On April 29, 2009, acting for the O&W Plan, the Company sent the O&W Plan participants a notice of intent to terminate the O&W Plan in a distress termination with a proposed termination date of June 30, 2009.  The Company also provided additional documentation regarding the Company’s status and the status of the O&W Plan.  The termination of the O&W Plan is subject to approval by the PBGC.  The Company has provided information to the PBGC which Company management believes satisfies the requirements of the PBGC.  During the six months ended June 30, 2011, the Company discussed terminating the O&W Plan with the PBGC, which included a cap on the Company’s potential financial obligation with respect to the O&W Plan and the PBGC, which may have the effect of reducing the Company’s potential Treasury obligations as summarized above.  However, there are no assurances that an agreement satisfactory to the PBGC and the Company will be concluded.
 
At June 30, 2011, the O&W Plan had an accrued pension obligation liability of $4,556,883 ($4,314,883 at December 31, 2010), which included the underfunded amount plus interest on past due payments and excise taxes including penalties and interest of approximately $475,000 as discussed above.  Accumulated other comprehensive loss of $2,961,147 at June 30, 2011 ($2,961,147 at December 31, 2010) has been recorded as a reduction of stockholders’ deficiency.

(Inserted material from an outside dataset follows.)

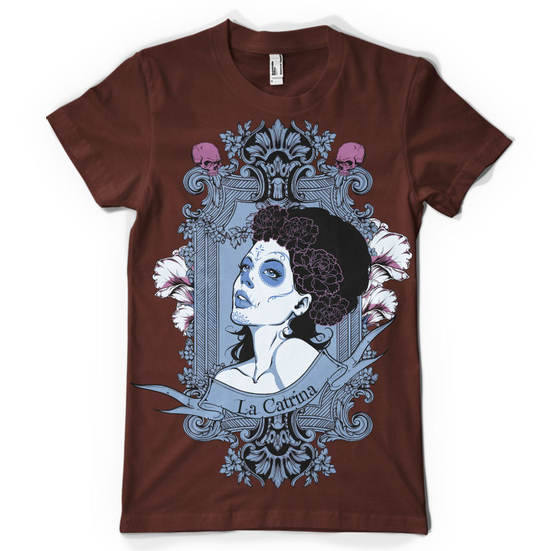 La Catrina t-shirt design. Digital illustration featuring detailed woman, sorrounded by rose petals, La Catrina character of Dia de los muertos mexican tradition. The source file is available in EPS format and can be accessed with the Illustrator software.

The market value of the O&W Plan assets decreased from $1,601,276 at December 31, 2010 to $1,449,998 at June 30, 2011.  The decrease was comprised of investment gains of $108,285 offset by benefit payments of $225,686 and expenses of $33,877.

Net periodic pension cost recorded in the accompanying statements of operations includes the following components of expense (benefit) for the periods presented.

   
Three Months 
ended
June 30, 2011
   
Three Months
ended
June 30, 2010
   
Six Months
ended
June 30, 2011
   
Six Months
ended
June 30, 2010
 
                         
Interest cost
  $ 67,878     $ 72,531     $ 135,756     $ 145,062  
Expected return on plan assets
    (30,193 )     (39,148 )     (60,386 )     (78,296 )
Service cost
    10,500       12,500       21,000       25,000  
Actuarial loss
    33,960       31,882       67,921       63,764  
Net periodic pension cost
  $ 82,145     $ 77,765     $ 164,291     $ 155,530  

There were no holdings of Level 3 investments and there were no purchases, sales, issuances, and settlements of Level 3 investments during the three and six months ended June 30, 2011 and 2010.  Additionally, there were no transfers between Level 1 and Level 2 assets during the six months ended June 30, 2011.